TASK MATERIAL section start

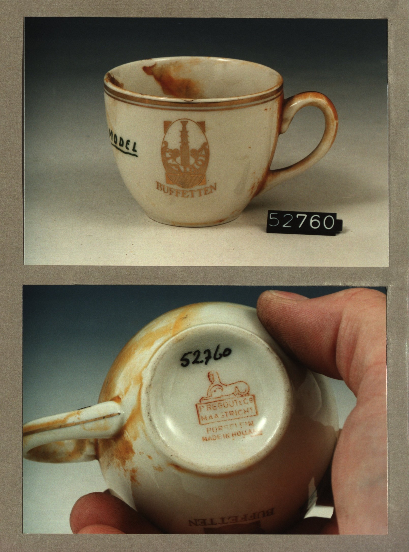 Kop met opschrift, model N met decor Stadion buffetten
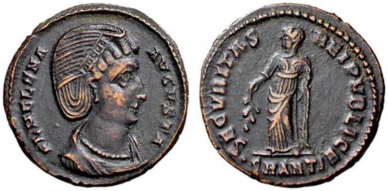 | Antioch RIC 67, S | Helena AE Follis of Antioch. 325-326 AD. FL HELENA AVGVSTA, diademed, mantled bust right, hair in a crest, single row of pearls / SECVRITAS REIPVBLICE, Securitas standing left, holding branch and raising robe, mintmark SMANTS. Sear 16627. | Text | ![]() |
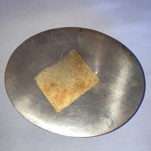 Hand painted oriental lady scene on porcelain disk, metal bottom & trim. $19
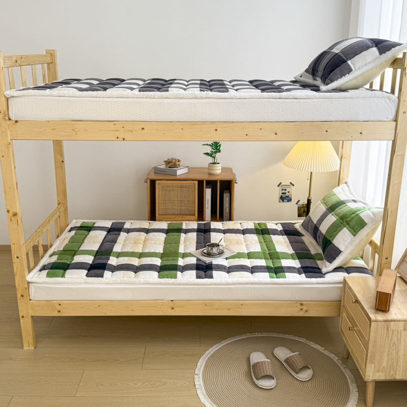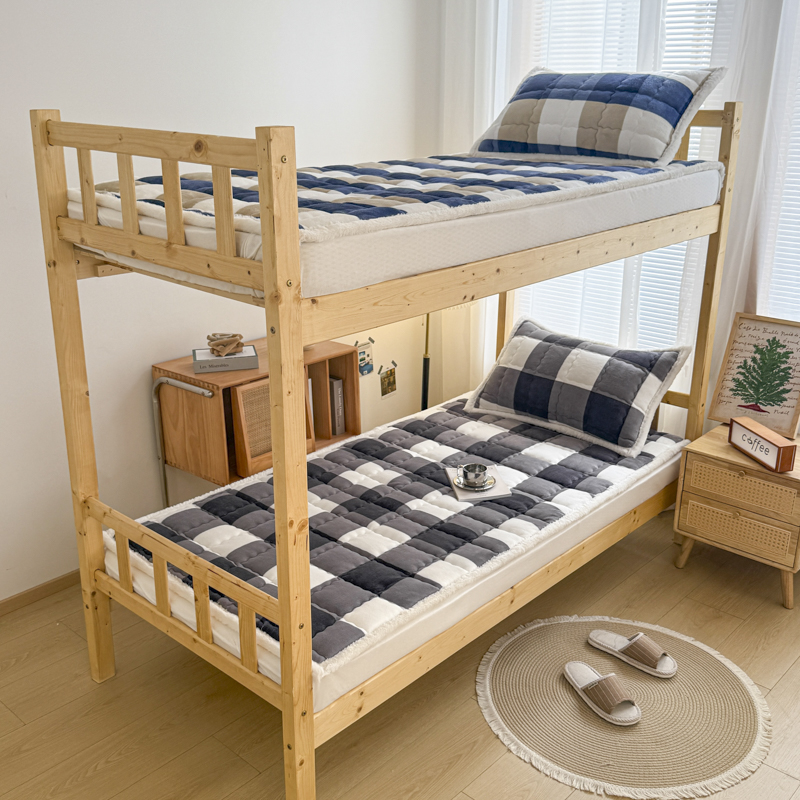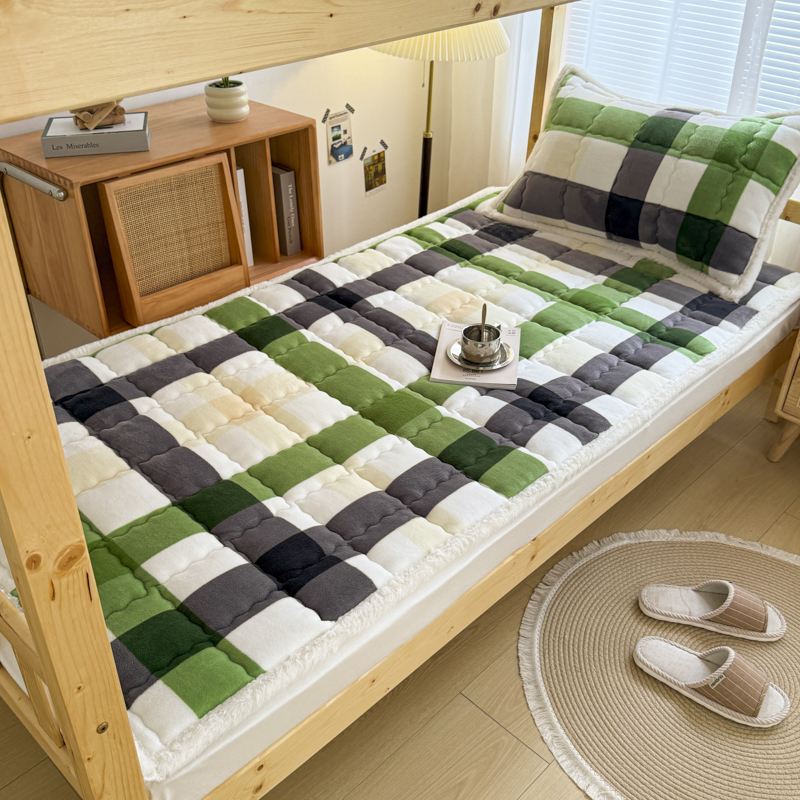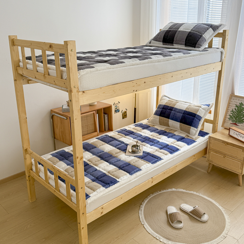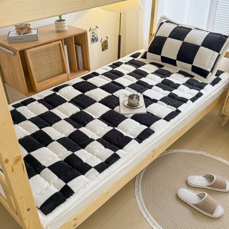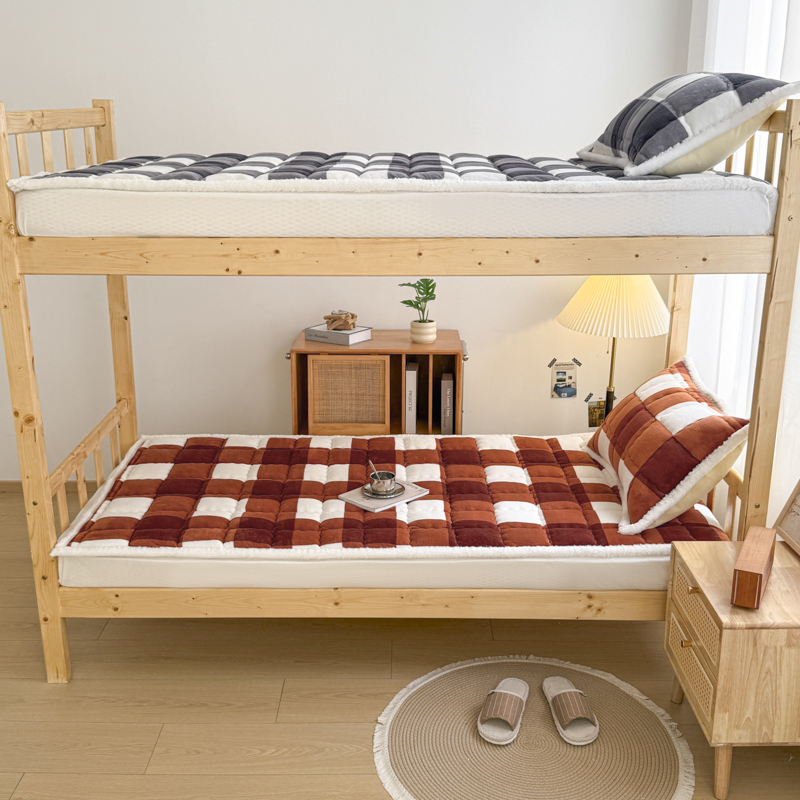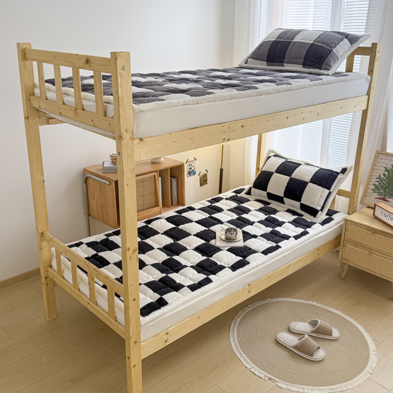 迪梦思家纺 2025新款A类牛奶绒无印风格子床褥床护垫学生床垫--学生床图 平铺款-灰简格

TASK MATERIAL section end
TASK MATERIAL section start

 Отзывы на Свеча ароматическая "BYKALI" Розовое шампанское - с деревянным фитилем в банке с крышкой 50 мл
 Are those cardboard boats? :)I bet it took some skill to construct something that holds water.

TASK MATERIAL section end
TASK MATERIAL section start

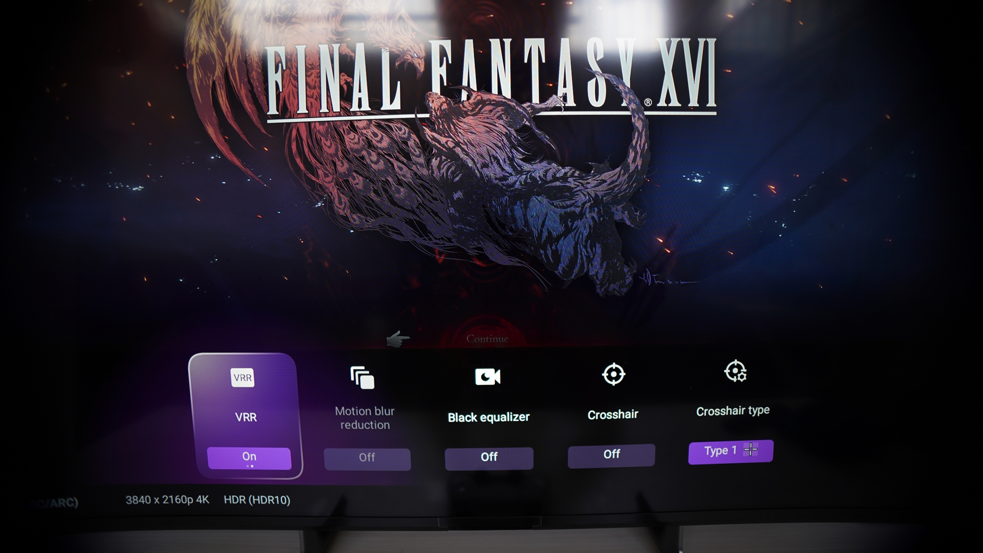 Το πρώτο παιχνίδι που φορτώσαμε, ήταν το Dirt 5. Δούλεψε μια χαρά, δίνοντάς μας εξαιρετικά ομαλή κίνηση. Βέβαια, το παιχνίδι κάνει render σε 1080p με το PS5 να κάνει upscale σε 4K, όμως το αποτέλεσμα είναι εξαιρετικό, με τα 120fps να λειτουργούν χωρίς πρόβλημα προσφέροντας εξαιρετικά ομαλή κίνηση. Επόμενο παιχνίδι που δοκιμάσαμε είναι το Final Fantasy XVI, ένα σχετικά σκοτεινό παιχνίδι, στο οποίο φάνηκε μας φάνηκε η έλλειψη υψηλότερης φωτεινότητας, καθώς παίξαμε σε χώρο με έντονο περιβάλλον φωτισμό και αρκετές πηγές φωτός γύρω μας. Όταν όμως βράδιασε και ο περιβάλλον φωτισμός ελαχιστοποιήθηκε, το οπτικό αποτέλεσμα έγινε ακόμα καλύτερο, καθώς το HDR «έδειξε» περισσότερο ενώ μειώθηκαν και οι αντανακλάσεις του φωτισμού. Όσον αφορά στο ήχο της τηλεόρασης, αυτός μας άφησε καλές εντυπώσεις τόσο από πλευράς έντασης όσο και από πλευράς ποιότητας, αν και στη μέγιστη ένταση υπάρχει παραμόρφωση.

TASK MATERIAL section end

In the listing above, find the line with "Hand painted oriental" and the line with "迪梦思家纺 2025新款A类牛奶绒无印风格子床褥床护垫学生床垫--学生床图 平铺款-灰简格". Copy both of them and every line between, exactly, but not the pictures.

| RESULT OF THE EXERCISE |
 Hand painted oriental lady scene on porcelain disk, metal bottom & trim. $19
 迪梦思家纺 2025新款A类牛奶绒无印风格子床褥床护垫学生床垫--学生床图 平铺款-灰简格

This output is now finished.